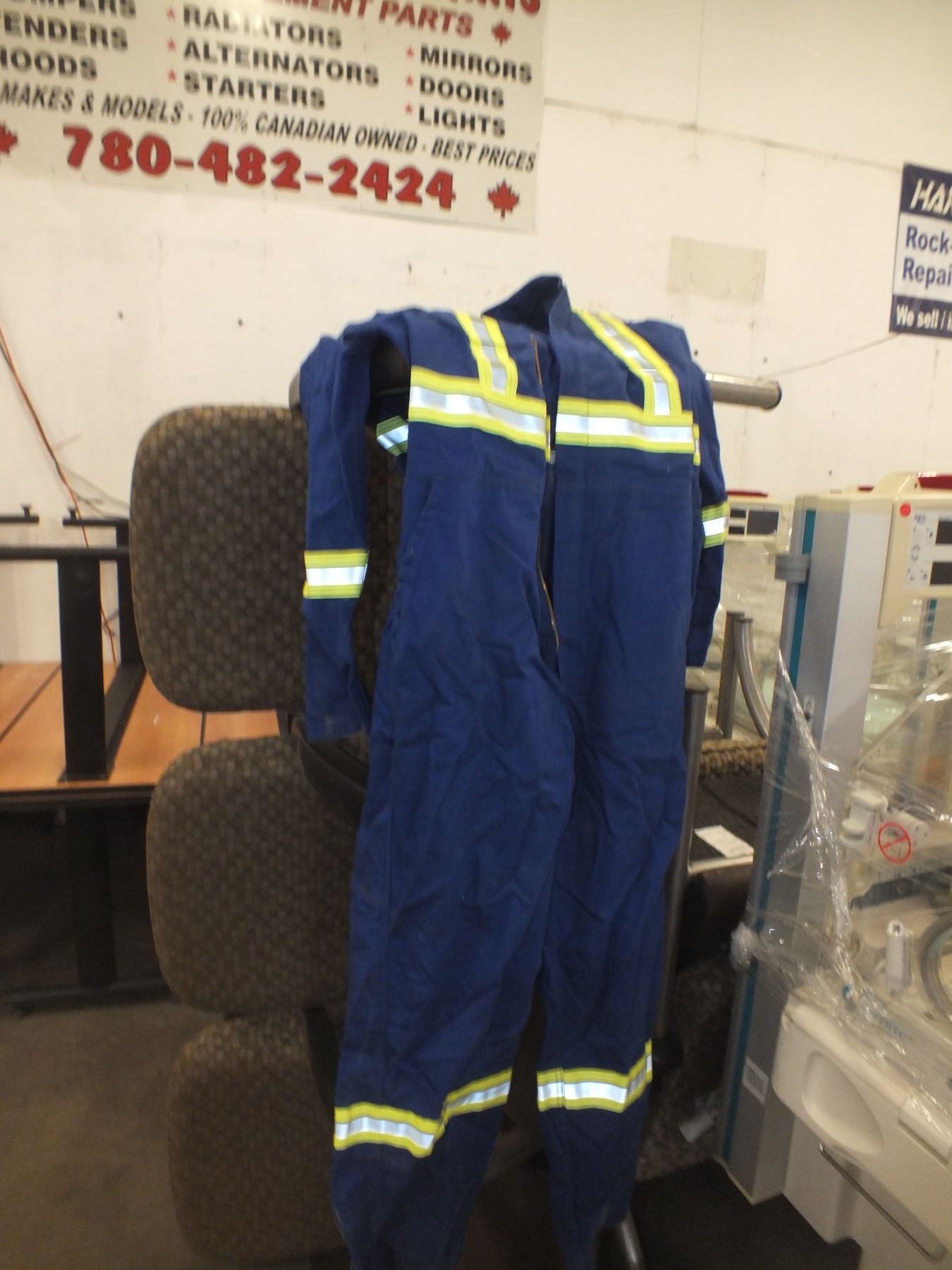 you get 5 pairs of coveralls , sizes 46x2, 50,56 58, and 1 bib, zippers are damaged...sold as is / where is...used
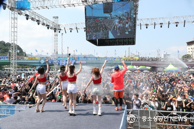 축제 핵심 프로그램인 지상 최대의 물싸움도 장흥교 아래에서 열려 사방에서 날아오는 물대포, 물풍선, 물총이 한여름 더위를 식혔다.
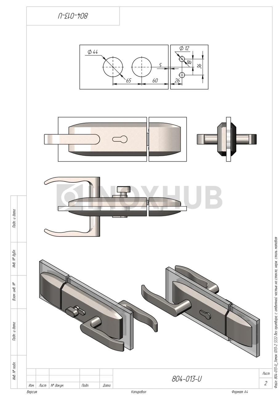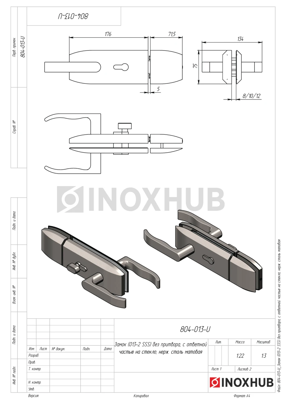 Замок (013-2 SSS) без притвора, с ответной частью на стекло, нерж. сталь матовая
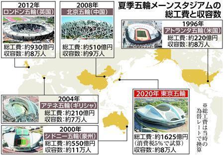 JSCはハディド案採用当時、建設費を1300億円と見積もっていたが、資材高騰などの影響で3000億円に膨らむことが判明。14年5月、競技場の規模縮小などで建設費を1625億円まで削ったが、人件費の高騰や消費税率引き上げ分もあって、最終的には2500億円程度に膨らむ公算が大きい。
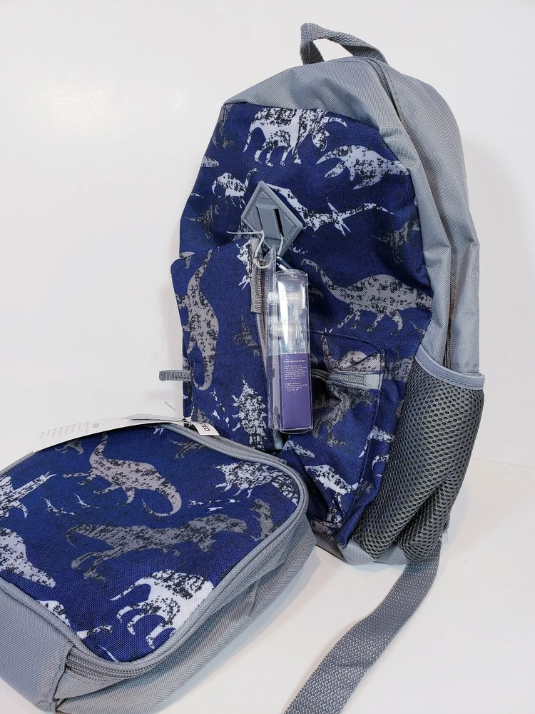Love2design 6 Piece School Backpack Set Dinosaurs lunch bag ear buds. Features included Backpack padded and Adjustable shouldrr straps/ hologram lash tabs/ carabiner Keychain/ bpa free water bottle/ air mesh side pockets/ matching ear budds/ lunch bag and pencle case brand new .
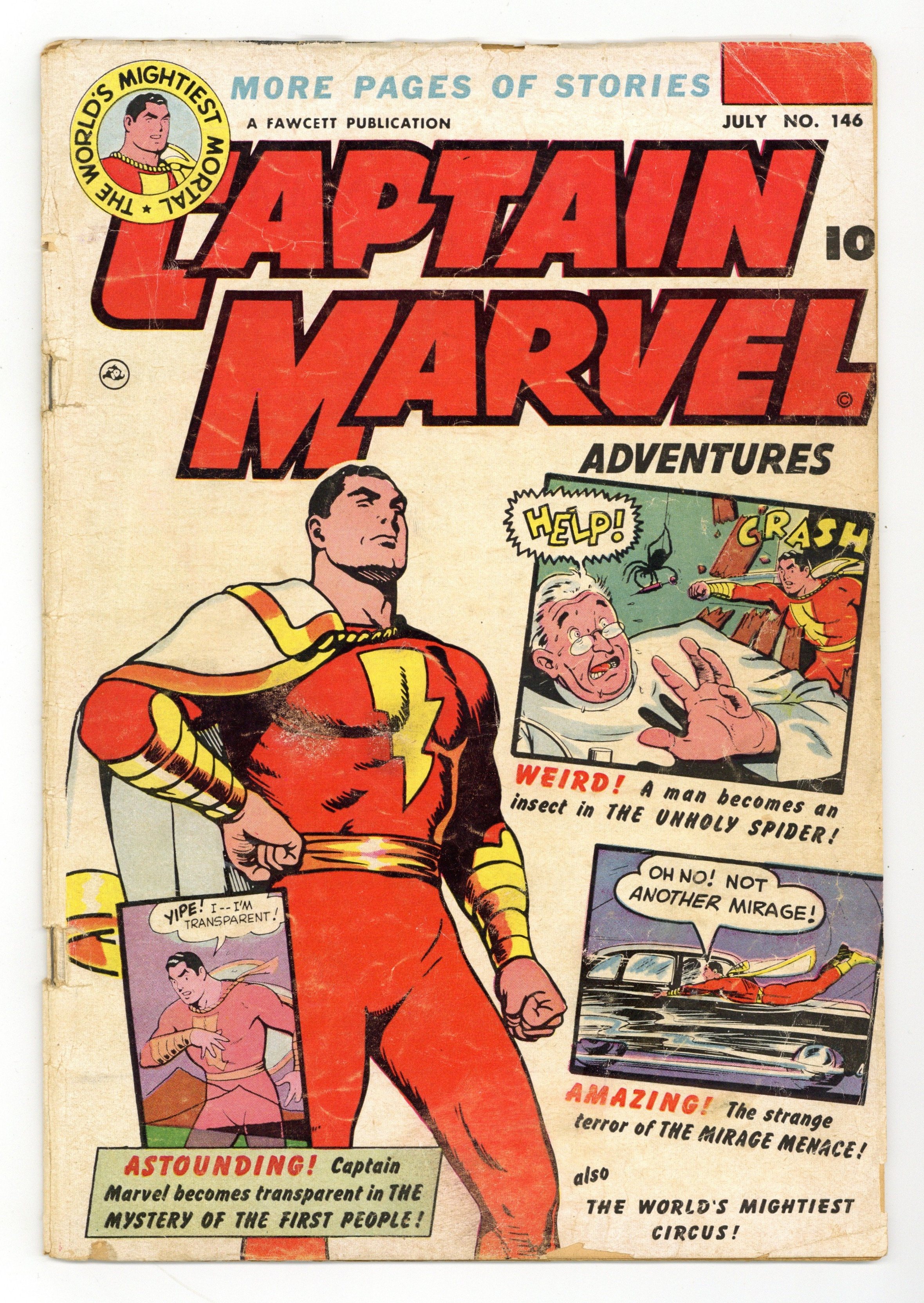 Stories by Bill Woolfolk, Otto Binder and unknown. Art by C.C. Beck, Pete Costanza and unknown. Captain Marvel becomes transparent in "Captain Marvel Battles Sivana and the First People" with story by Bill Woolfolk and pencils by C.C. Beck. Also in this issue: The strange terror of..."The Mirage Menace" with story by Otto Binder and inks by Pete Costanza (The Mirage Maker introduction); a man becomes an insect in "Captain Marvel Fights the Unholy Spider" with story by Bill Woolfolk; and "Captain Marvel and the World's Mightiest Circus" with story by Bill Woolfolk. Plus: Captain Kid in "The Lasting Impression"! And: Jon Jarl in the 2-page text story "The Space Junkman" by Otto Binder (as Eando Binder). 36 Pages, Full Color. Cover price $0.10.
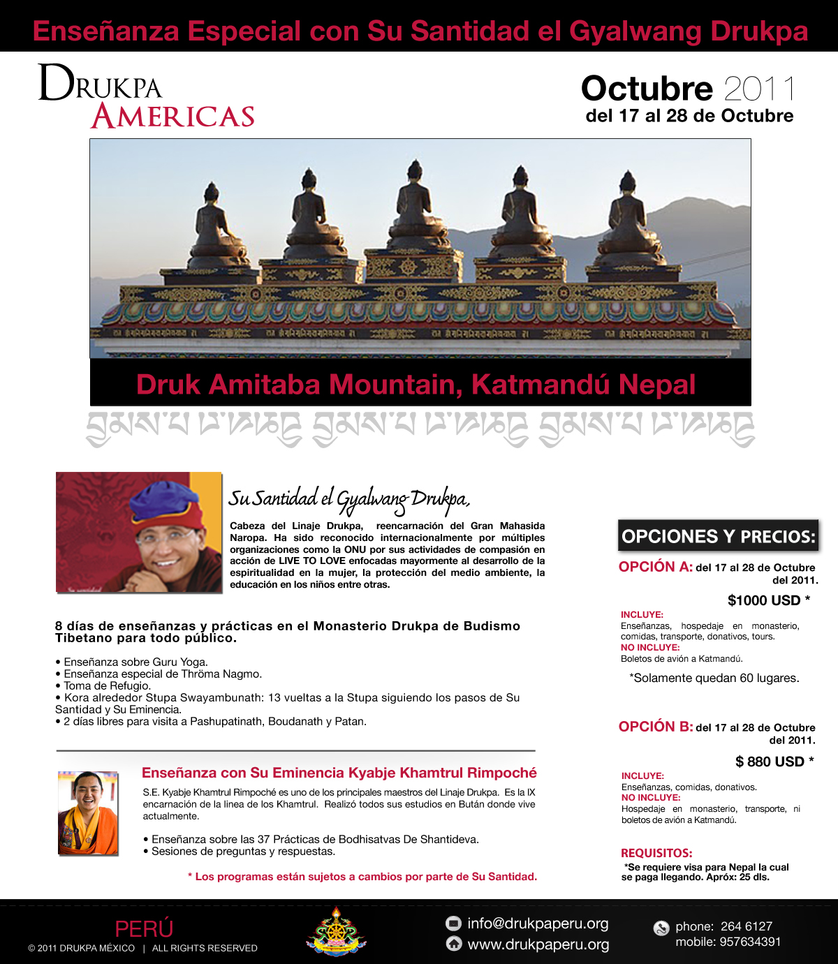Drukpa Américas: Brasil, México, Perú y Estados Unidos, octubre del 2011 en Druk Amitaba Mountain Katmandú Nepal. Estamos en el proceso de abrir formalmente el registro, probablementepara la semana próxima tendremos todos los detalles. Les pedimos amablemente que nos hagan el favor de anunciarlo en sus sitios web o como consideren apropiado.
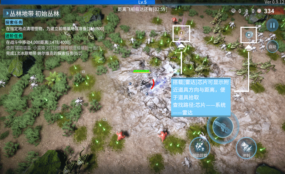 搭载[雷达]芯片可显示附近道具方向与距离,便于道具拾取
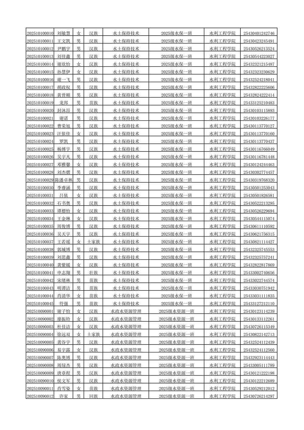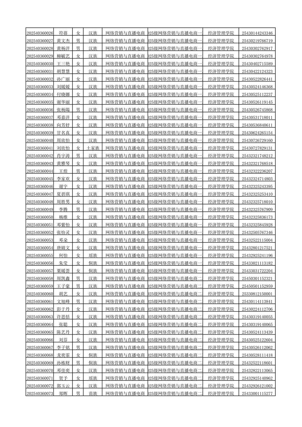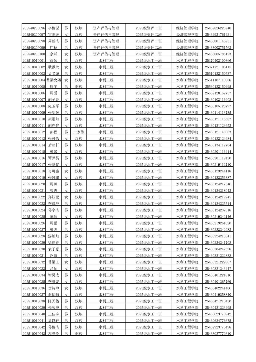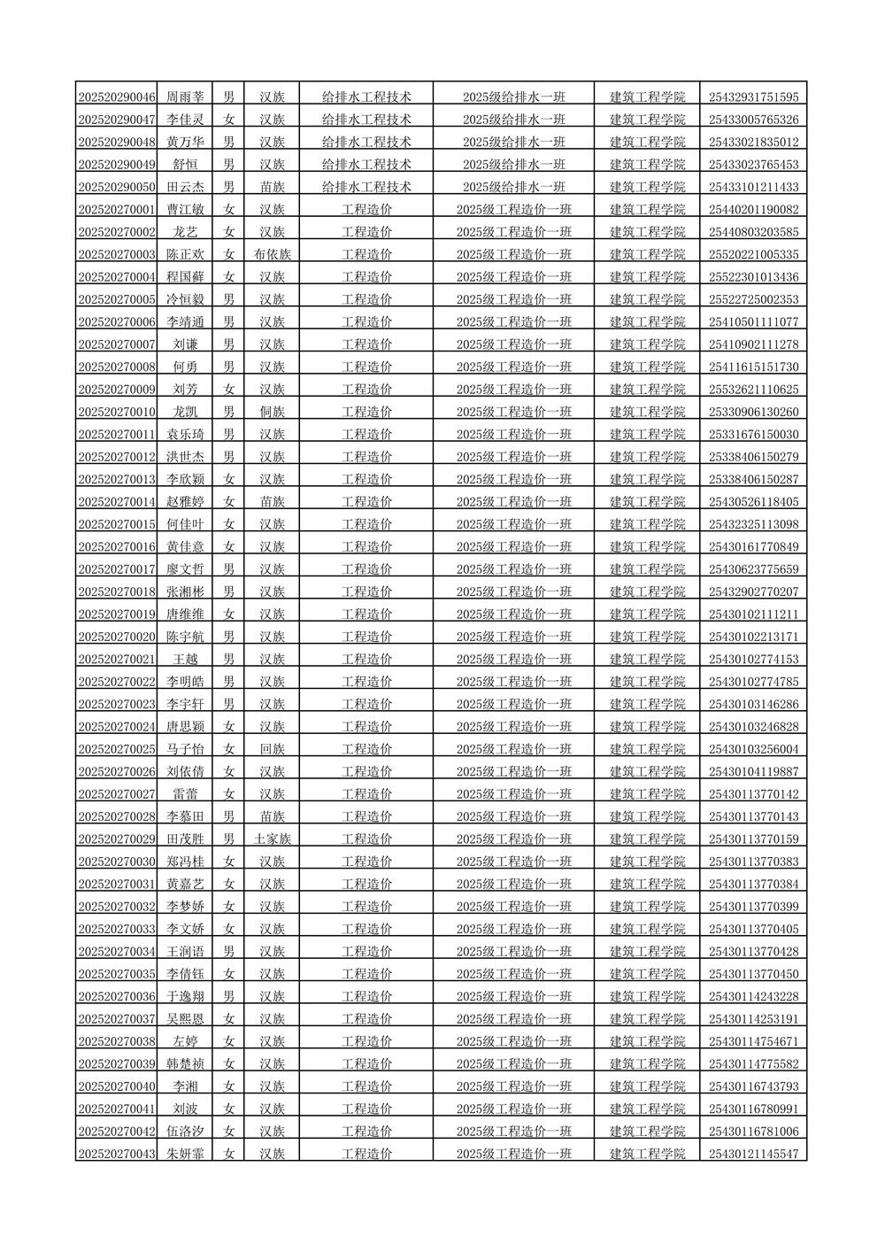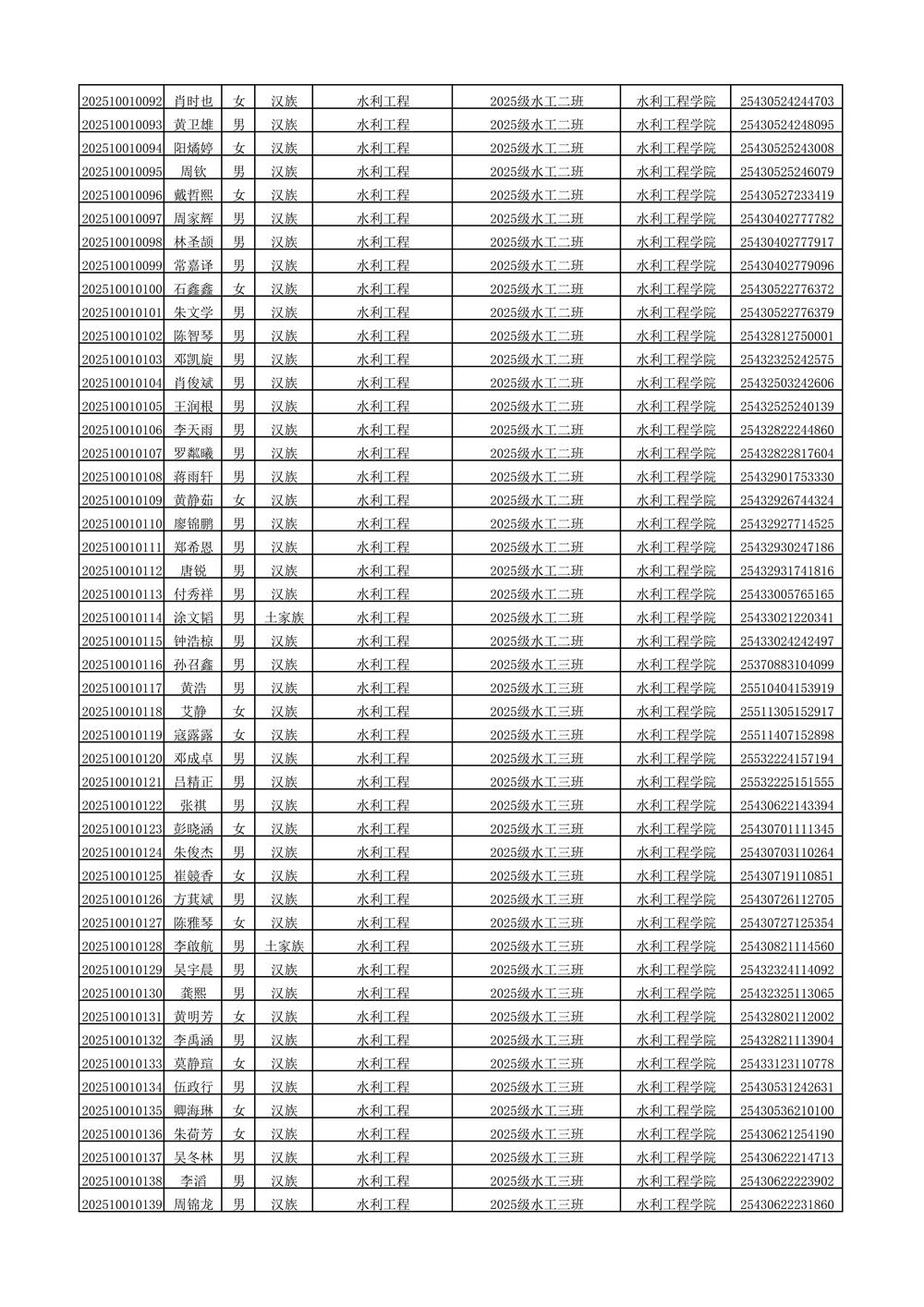 2025年新生分班名单

## TASK INSTRUCTIONS
Down to the last line, return the entries above exactly, with no pictures.

## TASK RESPONSE
 you get 5 pairs of coveralls , sizes 46x2, 50,56 58, and 1 bib, zippers are damaged...sold as is / where is...used
 축제 핵심 프로그램인 지상 최대의 물싸움도 장흥교 아래에서 열려 사방에서 날아오는 물대포, 물풍선, 물총이 한여름 더위를 식혔다.
 Замок (013-2 SSS) без притвора, с ответной частью на стекло, нерж. сталь матовая
 JSCはハディド案採用当時、建設費を1300億円と見積もっていたが、資材高騰などの影響で3000億円に膨らむことが判明。14年5月、競技場の規模縮小などで建設費を1625億円まで削ったが、人件費の高騰や消費税率引き上げ分もあって、最終的には2500億円程度に膨らむ公算が大きい。
Love2design 6 Piece School Backpack Set Dinosaurs lunch bag ear buds. Features included Backpack padded and Adjustable shouldrr straps/ hologram lash tabs/ carabiner Keychain/ bpa free water bottle/ air mesh side pockets/ matching ear budds/ lunch bag and pencle case brand new .
 Stories by Bill Woolfolk, Otto Binder and unknown. Art by C.C. Beck, Pete Costanza and unknown. Captain Marvel becomes transparent in "Captain Marvel Battles Sivana and the First People" with story by Bill Woolfolk and pencils by C.C. Beck. Also in this issue: The strange terror of..."The Mirage Menace" with story by Otto Binder and inks by Pete Costanza (The Mirage Maker introduction); a man becomes an insect in "Captain Marvel Fights the Unholy Spider" with story by Bill Woolfolk; and "Captain Marvel and the World's Mightiest Circus" with story by Bill Woolfolk. Plus: Captain Kid in "The Lasting Impression"! And: Jon Jarl in the 2-page text story "The Space Junkman" by Otto Binder (as Eando Binder). 36 Pages, Full Color. Cover price $0.10.
Drukpa Américas: Brasil, México, Perú y Estados Unidos, octubre del 2011 en Druk Amitaba Mountain Katmandú Nepal. Estamos en el proceso de abrir formalmente el registro, probablementepara la semana próxima tendremos todos los detalles. Les pedimos amablemente que nos hagan el favor de anunciarlo en sus sitios web o como consideren apropiado.
 搭载[雷达]芯片可显示附近道具方向与距离,便于道具拾取
 2025年新生分班名单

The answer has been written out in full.